= Maashaus =

Large room in town house

Maashaus (Maßhaus) is a spacious room taking the whole front part of a ground floor of a multi-storied Gothic or Renaissance town house.

This room was used mainly for serving beer, or other kinds of trade and craft. It was not heated. It also worked to link together other parts of the house, since it held a staircase to the first floor above ground (where the owner lived) and to the basement, an archway or similar passage to the courtyard and so on. The ceiling was almost always vaulted and was often supported by an asymmetrically placed central column. It was separated from the street or the arcade by a wall with a doorway and one or more windows.

==Origins==

Maashauses started to appear in the 13th century as a manifestation of the trend to sequester the living quarters of a burghers' house to the first floor. What used to be a main living room of the house, the so-called smoke abode, kept only its public, trade and craft functions, which remained on the ground floor, because they required the proximity of the cellar, the courtyard and especially the street entrance.

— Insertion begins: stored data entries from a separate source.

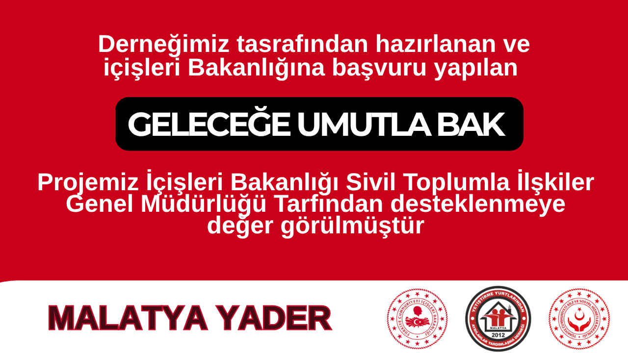 Malatya Yetiştirme Yurtlarından Ayrılanlar Yardımlaşma Derneği (Malatya YADER), devlet koruması altındaki gençlerin geleceğine ışık tutacak "Geleceğe Umutla Bak" projesi için İçişleri Bakanlığı’ndan tam destek aldı.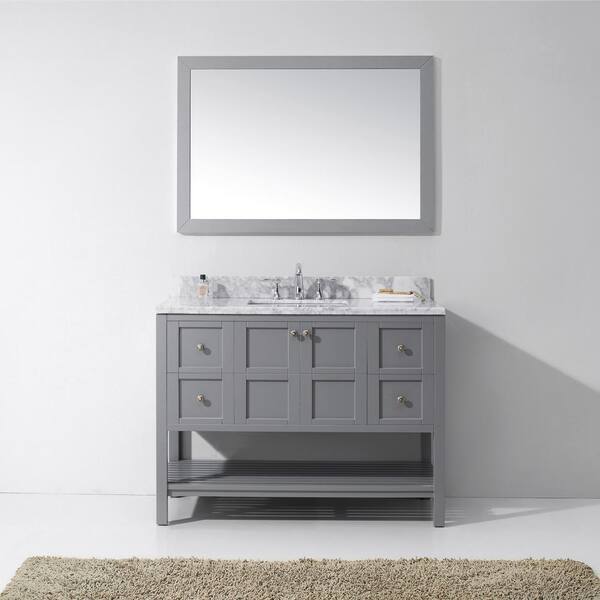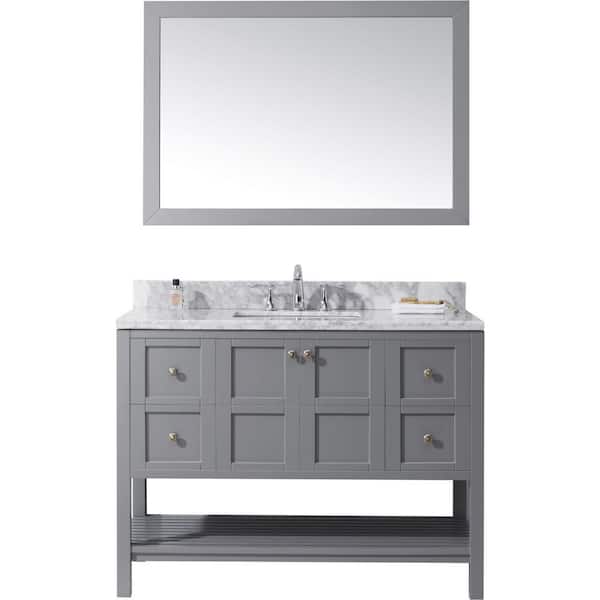 Winterfell 49 in. W Bath Vanity in Gray with Marble Vanity Top in White with Square Basin and Mirror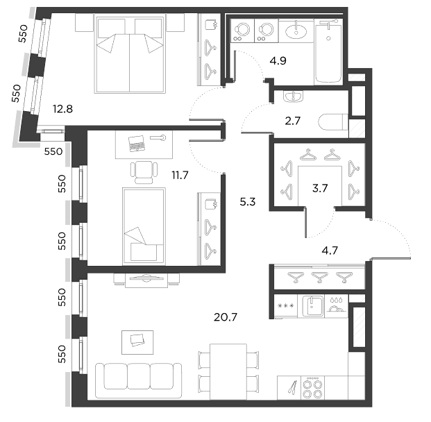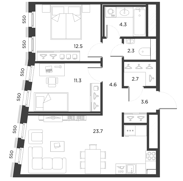 Двухкомнатные квартиры (3 квартиры, 3 планировки)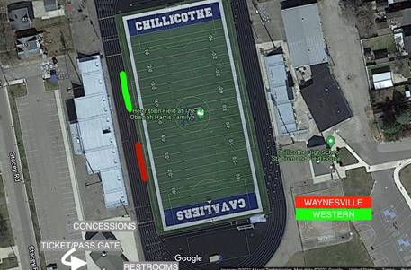 Stadium is located at 409 Stacey Rd Chillicothe, OH 45601. (The address listed on the bracket is incorrect) This address will take you directly to the main stadium entrance which will be the only entrance open tomorrow night. All spectators and team personnel will enter through this gate.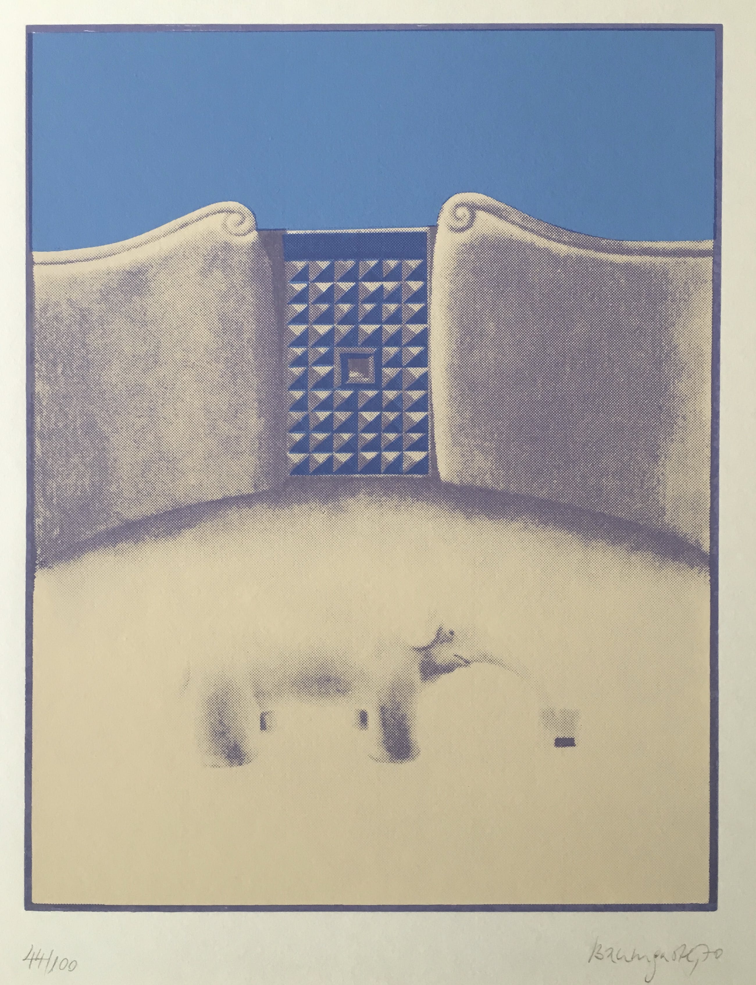 Prachtige surrealistische gesigneerde en genummerde originele zeefdruk uit 1970 met Pop-Art-elementen van de internationaal bekende kunstenaar en vertegenwoordiger van fantastische kunst die in Stuttgart woont Een van de slechts 100 exemplaren

The trade activities involved mainly the aforementioned serving of beer, which is related to the brewing rights (in the Middle Ages a vast majority of burghers' houses were granted this right), but other trade and crafts were performed there also.

==Maashauses in Bohemia==

In the 19th century most maashauses were converted to private shops. Later, they were being renovated in many historic cities as part of restoration activities in the socialist period. To this day, maashauses are found in many buildings in the centers of Česky Krumlov, Slavonice and so on. After 1989 many maashauses were again employed for retail or by pubs and restaurants.

==Etymology==
"Maß“ is an old unit of volume (approximately equivalent to 1.4 L), used for measuring mainly beer, haus means a "house“ in German, but in the past it could also stand for the main living room of a house. Therefore, maashaus could be translated as a "beer house".